It’s still a big car as you approach it, low and wide at the front and just big all over at the rear, the high position of the exhaust pipes giving it a functional look rather than it being a piece of design that follows Ferrari’s regular form. And there’s still no luggage space, bar room for a laptop bag and a packet of Haribo in the nose. Pack light or have your luggage sent on if you’re planning a road trip.
Roof panel electrically stowed above the twin-turbocharged V8 – which sits so low and so far under the bulkhead you can only assume serious maintenance is an engine-out job or requires a technician to be suspended from the workshop ceiling and lowered into the engine bay – the resulting opening is relatively small, more targa than convertible. Despite this, there’s a chunk more buffeting across the top of the car and behind your head than you are expecting. At typical speeds outside of urban areas you’ll need every window up, including the retractable glass screen that sits between the rear buttresses, and to sink a little lower into your seat to keep you out of the jetstream.
Not that this matters when you start to wind the SF90 Spider up, because your focus is elsewhere. Once you’ve bumbled out of a town in electric mode, the V8 erupts into life with an unapologetic bark and gruffness, served with a side order of ‘you better be ready for this’. Truth is, you never really are ready for an SF90 if you give it everything. To do so you’ll need to switch out of Hybrid mode and select at least Performance or ideally Qualify for the full Leclerc Saturday job experience.
Unlike fully electric cars, which deliver everything in an instant followed by a tailing off to not much, performance hybrids still build momentum like a traditional ICE sports car.
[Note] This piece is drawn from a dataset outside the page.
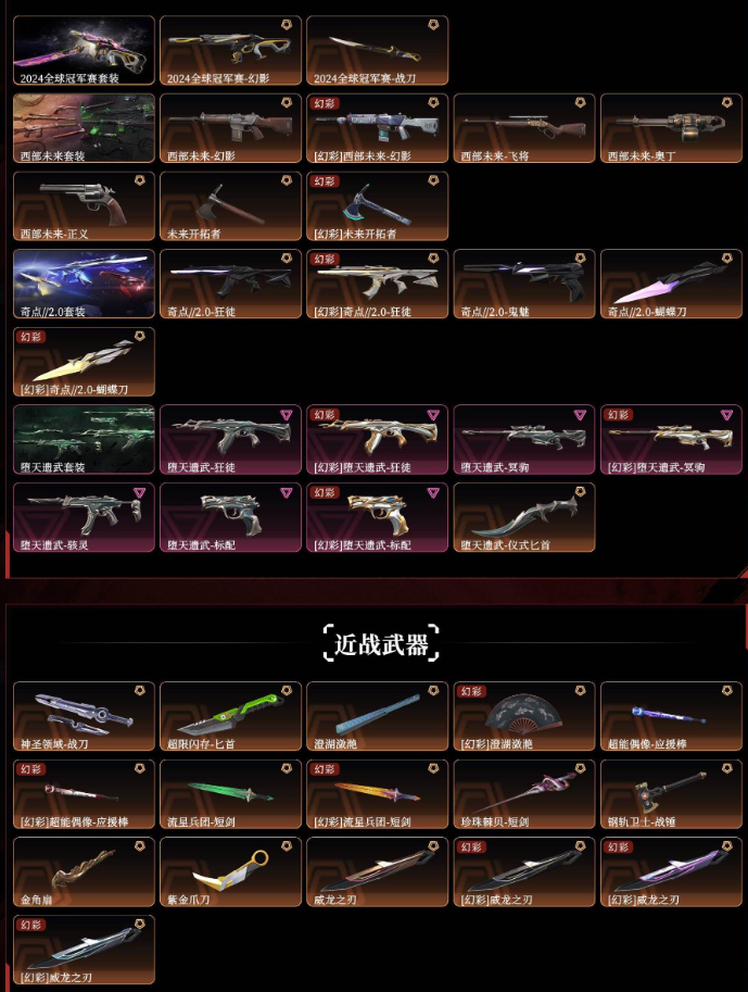 可排位大库存☆西部套☆奇点套☆2024套☆混沌☆洪荒☆堕天套☆盖亚☆紫金☆VCT☆各种散件☆炫彩

There’s a double kick when you open the taps. First the turbos spool, the cylinders take a huge intake of breath and the 98 RON is fired through the injectors. Meanwhile, in a timeframe your brain can’t compute, the two electric motors on the front axle and the single unit on the rear have already drawn up every last kilowatt of power and dispensed it through Cup 2 rubber that, even on dry, smooth asphalt, can be felt pawing at the surface. The tail digs down, the nose goes light and the steering wheel wriggles in your grasp as the air fills with the bark of an angry V8 that’s now dominating the soundwaves, wind noise forced to play second fiddle.
From the driver’s seat you might laugh at the absurdity of what’s going on: the speed at which the horizon crashes through your vision, the straight that looked to be never ending now feeling like part of a kart circuit. You’ll need a runway if you want to see the shift lights in any of the top four of the eight gears.
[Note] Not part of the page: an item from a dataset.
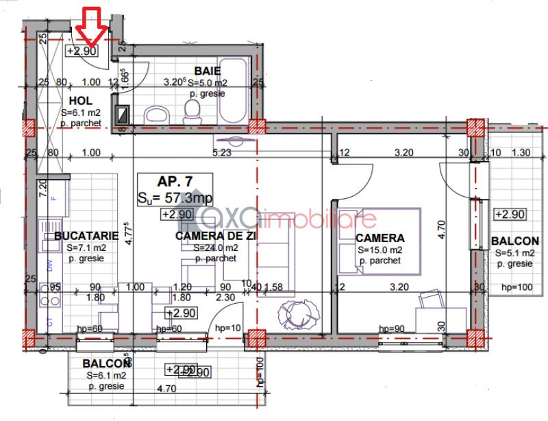 Apartamentul dispune de o suprafata utila de 57.3 mp si de compartimentare semidecomandata.

Its footprint means you’re always conscious of the room the Spider needs on the road, and while you don’t need to manage its weight as such, you settle into a rhythm where you sweep the car into a corner and let it run its course through and out of it. It’s not a Ferrari to be hustled; it feels a little clumsy if you try. It’s not as precise as a 296, either, its front-end response slower, so you soon learn to knock the pace back a few percentage points when preparing for the turn. The steering’s still lightning quick compared to other marques’, but compared to what you’ll find in other modern Ferraris it feels a little calmer, more measured but without sacrificing its alertness. Load the car up through a series of curves and it takes a seemingly unbreakable grip of the surface, with just enough roll to lean against and poise to settle on, but all the time you’re constantly reminded that on the road you’re simply scratching the surface of the SF90’s capability, roof or no roof.
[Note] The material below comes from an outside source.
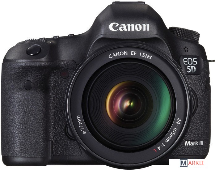 Полнокадровая цифровая зеркальная камера, предназначенная для опытных любителей, профессиональных фотографов и видеооператоров. Преемник успешной модели EOS 5D Mark II. Фотоаппарат имеет 22.3 Мп. CMOS-сенсор размером 36 х 24 мм, 14-битный процессор DIGIC 5+, 61-точечный автофокус. Для контроля за съемкой используется большой экран 3.2" с разрешением 1040000 пикселей и оптический видоискатель со 100% покрытием кадра. Диапазон обрабатываемой камерой чувствительности составляет 100–102400 ISO, режим серийной съемки со скоростью 6 кадров/сек. Камера умеет снимать видео в формате Full-HD с полным ручным управлением — от частоты кадров до звуковой дорожки, что делает ее мощным инструментом даже для профессиональной съемки видеороликов. Имеется два слота для карт памяти CF и SD. Корпус выполнен из магниевого сплава. Комплект с объективом Canon EF 24-105mm f/4L IS USM.
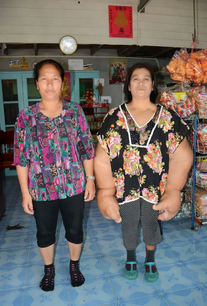 Doctors believe that this woman has the “World’s biggest hands” since each of her arms weighs one and a half stone. Duangjay Samaksamam is a shop owner from Surin province in Thailand.  For over 50 years, she has suffered from a very painful and rare condition  that has her limbs permanently swollen.

As a technical exercise the SF90 remains a marvel of engineering and a car that, regardless of your thoughts about machines that deliver horsepower figures that were once the sole domain of F1 paddocks, is an enigma. You can’t help but be drawn to it, almost blind to what it represents. A 296 GTB is a better, more rounded, more involving car, but for some the SF90’s top-billing status will appeal above all else, and if it does, you won’t get any criticism from us. Just be prepared to hold on.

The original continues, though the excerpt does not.